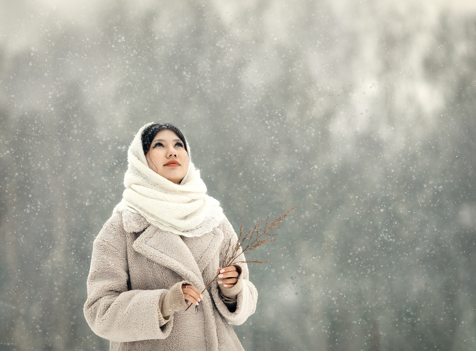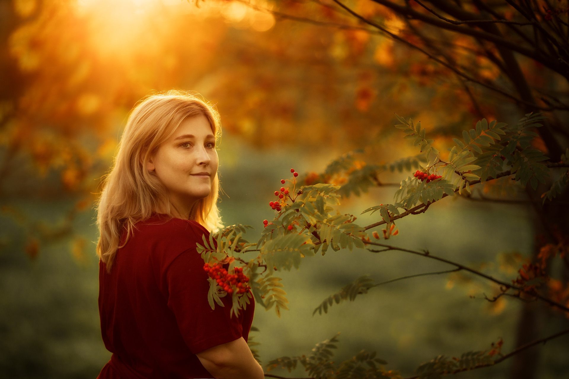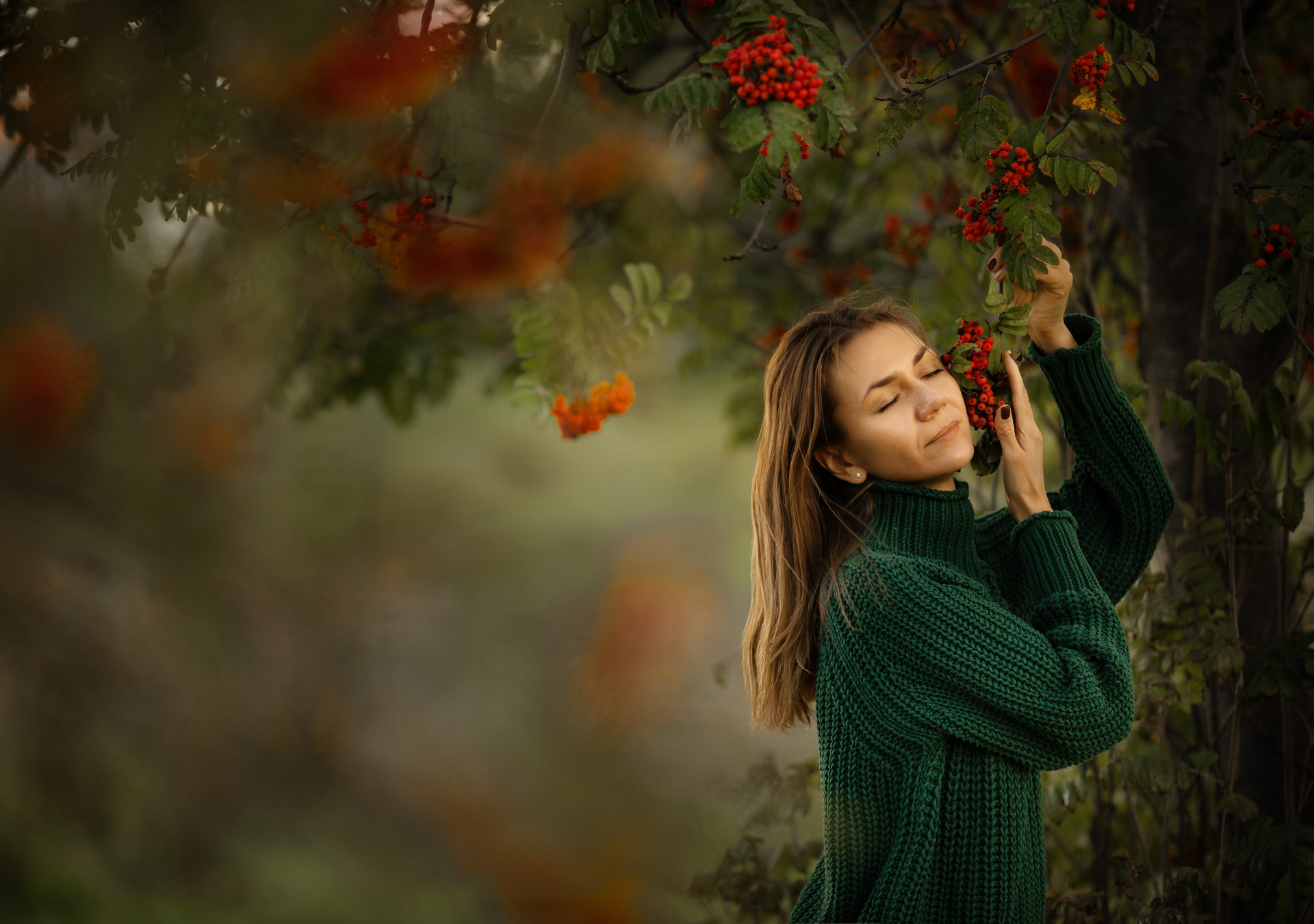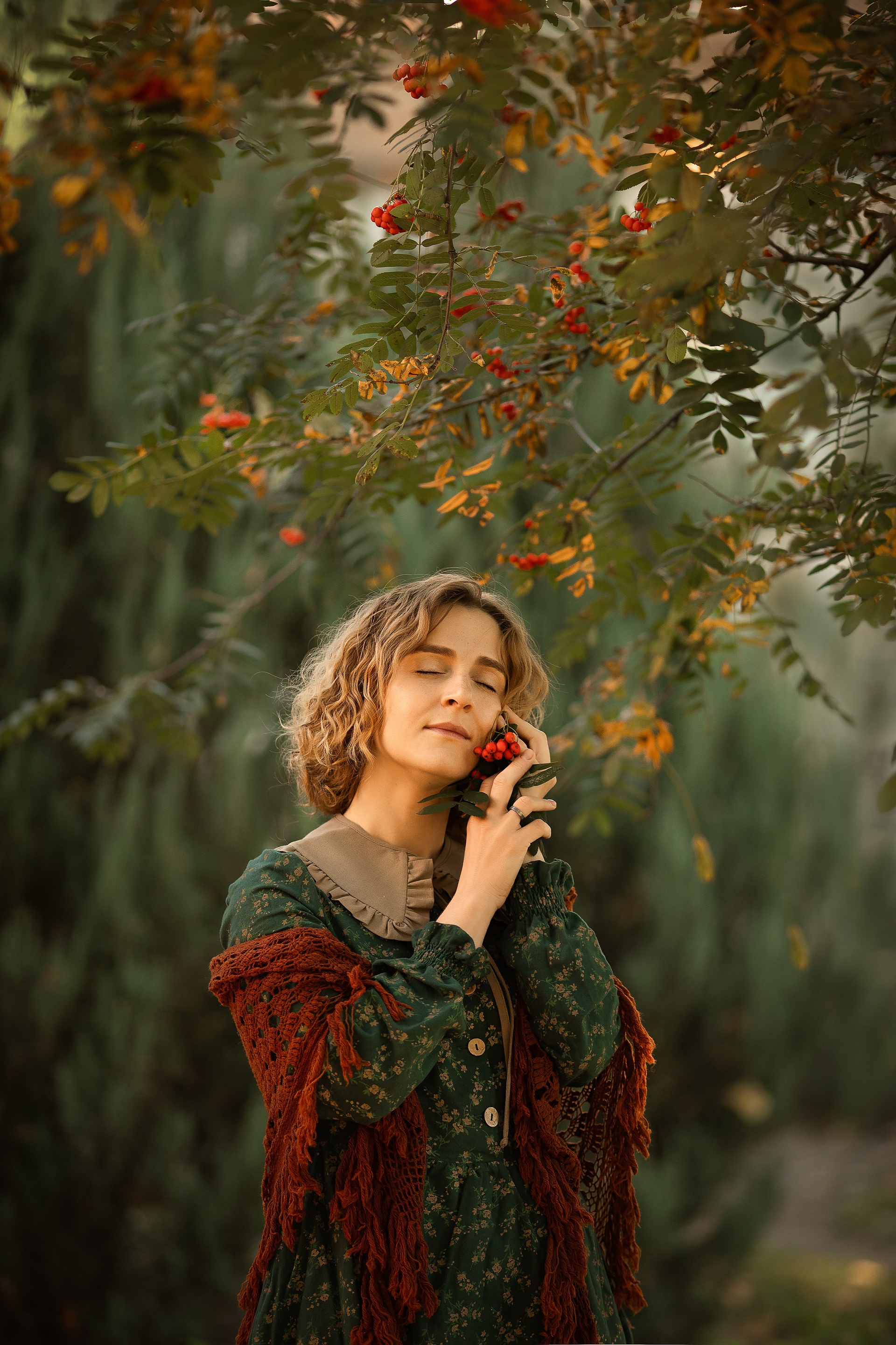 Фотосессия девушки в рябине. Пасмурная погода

● ● ● ● ●

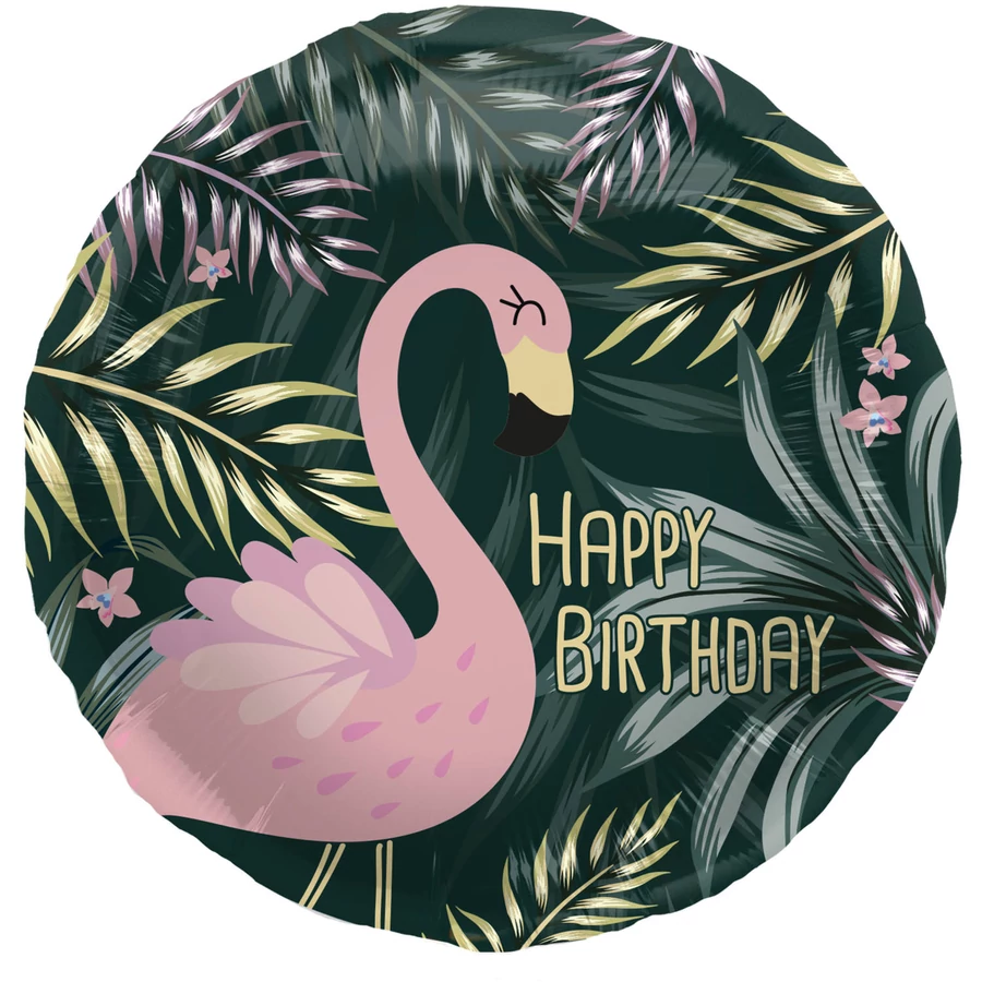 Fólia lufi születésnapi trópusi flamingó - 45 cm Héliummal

● ● ● ● ●

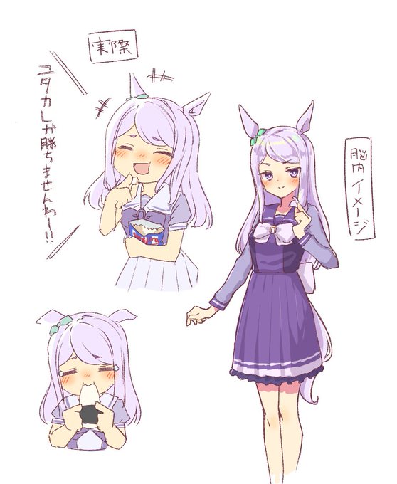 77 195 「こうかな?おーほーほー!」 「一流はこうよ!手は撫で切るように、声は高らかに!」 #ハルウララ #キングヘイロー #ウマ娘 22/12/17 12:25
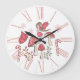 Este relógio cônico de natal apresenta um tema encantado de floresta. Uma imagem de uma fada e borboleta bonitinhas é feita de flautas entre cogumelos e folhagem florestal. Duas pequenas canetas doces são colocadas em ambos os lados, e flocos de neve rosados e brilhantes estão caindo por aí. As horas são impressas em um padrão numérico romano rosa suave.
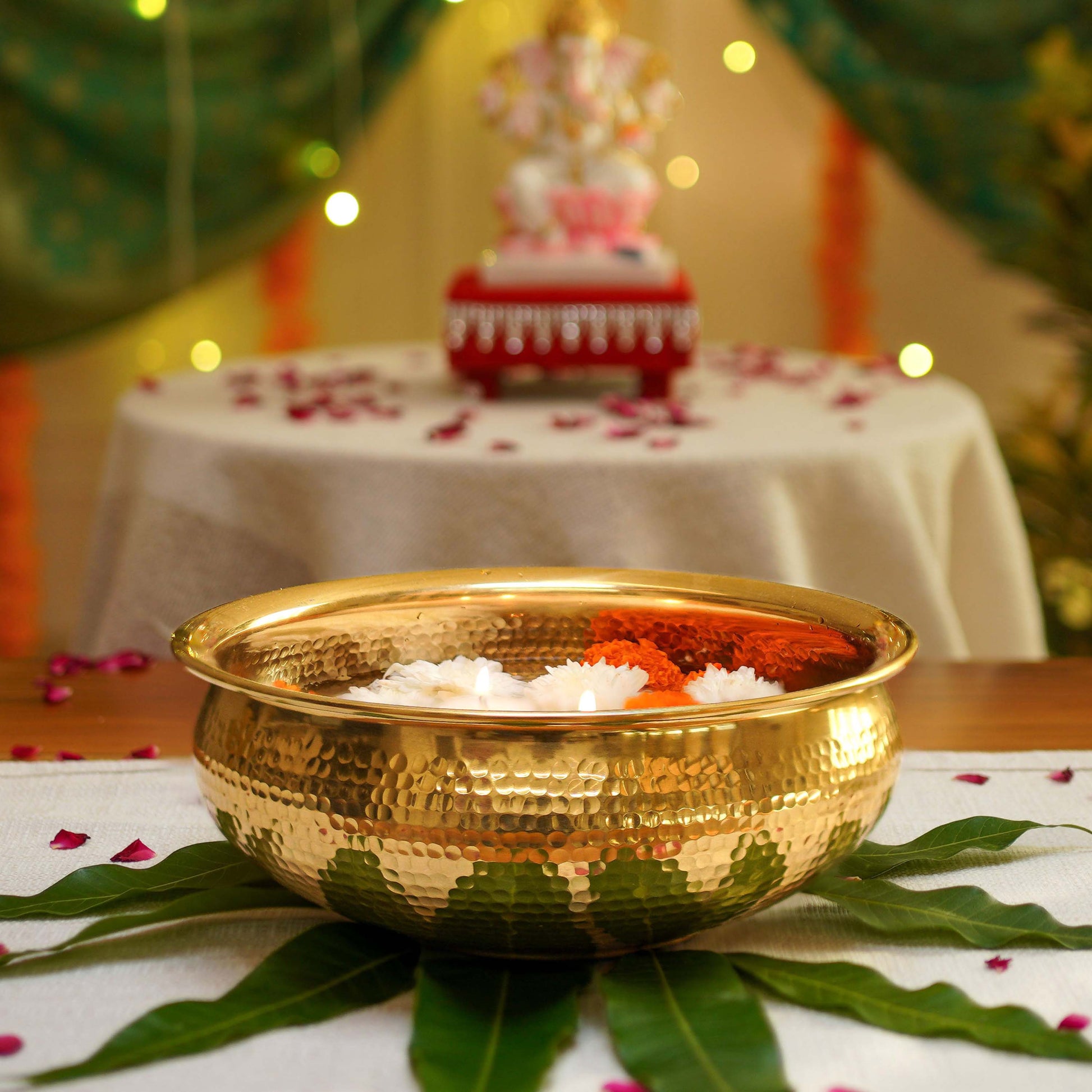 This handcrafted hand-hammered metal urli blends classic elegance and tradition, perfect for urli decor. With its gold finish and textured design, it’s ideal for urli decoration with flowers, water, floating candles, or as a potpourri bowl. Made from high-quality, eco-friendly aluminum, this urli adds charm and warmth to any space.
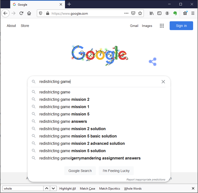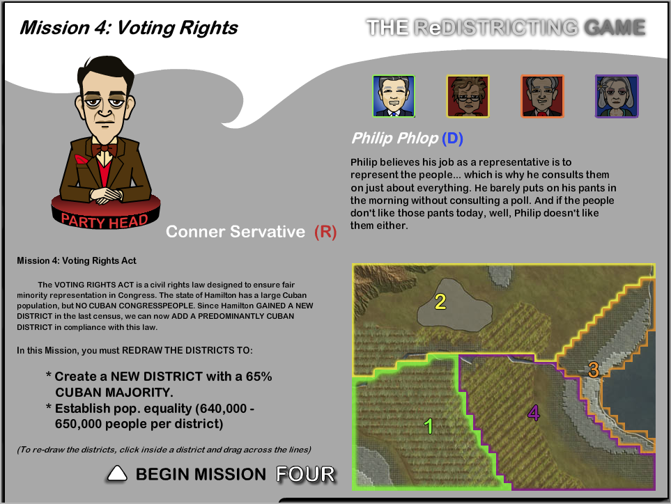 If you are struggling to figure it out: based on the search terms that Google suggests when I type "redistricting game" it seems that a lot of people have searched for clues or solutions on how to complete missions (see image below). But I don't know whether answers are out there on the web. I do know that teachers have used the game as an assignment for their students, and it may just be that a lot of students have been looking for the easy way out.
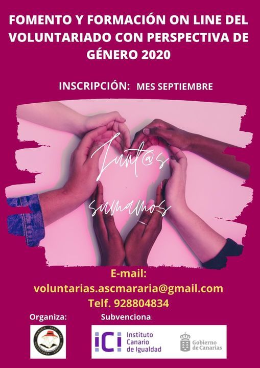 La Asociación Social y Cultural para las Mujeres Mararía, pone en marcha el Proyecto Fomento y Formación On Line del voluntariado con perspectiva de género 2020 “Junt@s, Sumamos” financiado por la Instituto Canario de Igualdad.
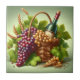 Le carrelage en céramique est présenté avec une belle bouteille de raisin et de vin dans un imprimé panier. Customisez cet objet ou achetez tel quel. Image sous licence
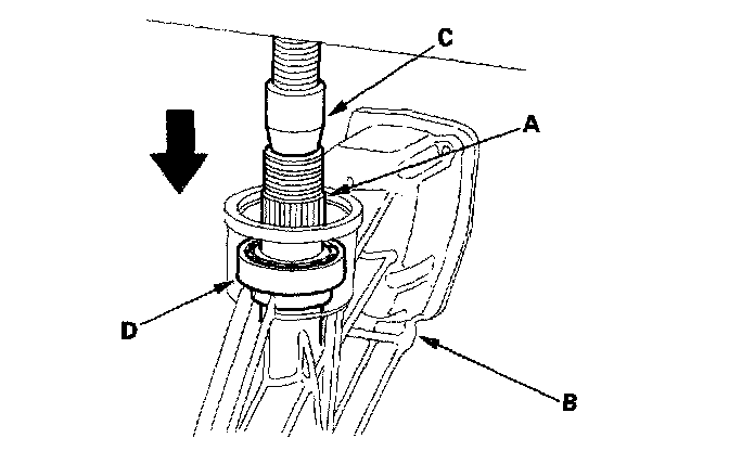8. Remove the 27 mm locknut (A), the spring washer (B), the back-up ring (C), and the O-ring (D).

● ● ● ● ●

# Exercise details
Reproduce exactly the lines above that run from the one with "77 195 「こうかな?おーほーほー!」" to the one with "8. Remove the", both included, leaving pictures out.

# Result
 77 195 「こうかな?おーほーほー!」 「一流はこうよ!手は撫で切るように、声は高らかに!」 #ハルウララ #キングヘイロー #ウマ娘 22/12/17 12:25
 Este relógio cônico de natal apresenta um tema encantado de floresta. Uma imagem de uma fada e borboleta bonitinhas é feita de flautas entre cogumelos e folhagem florestal. Duas pequenas canetas doces são colocadas em ambos os lados, e flocos de neve rosados e brilhantes estão caindo por aí. As horas são impressas em um padrão numérico romano rosa suave.
 This handcrafted hand-hammered metal urli blends classic elegance and tradition, perfect for urli decor. With its gold finish and textured design, it’s ideal for urli decoration with flowers, water, floating candles, or as a potpourri bowl. Made from high-quality, eco-friendly aluminum, this urli adds charm and warmth to any space.
 If you are struggling to figure it out: based on the search terms that Google suggests when I type "redistricting game" it seems that a lot of people have searched for clues or solutions on how to complete missions (see image below). But I don't know whether answers are out there on the web. I do know that teachers have used the game as an assignment for their students, and it may just be that a lot of students have been looking for the easy way out.
 La Asociación Social y Cultural para las Mujeres Mararía, pone en marcha el Proyecto Fomento y Formación On Line del voluntariado con perspectiva de género 2020 “Junt@s, Sumamos” financiado por la Instituto Canario de Igualdad.
 Le carrelage en céramique est présenté avec une belle bouteille de raisin et de vin dans un imprimé panier. Customisez cet objet ou achetez tel quel. Image sous licence
8. Remove the 27 mm locknut (A), the spring washer (B), the back-up ring (C), and the O-ring (D).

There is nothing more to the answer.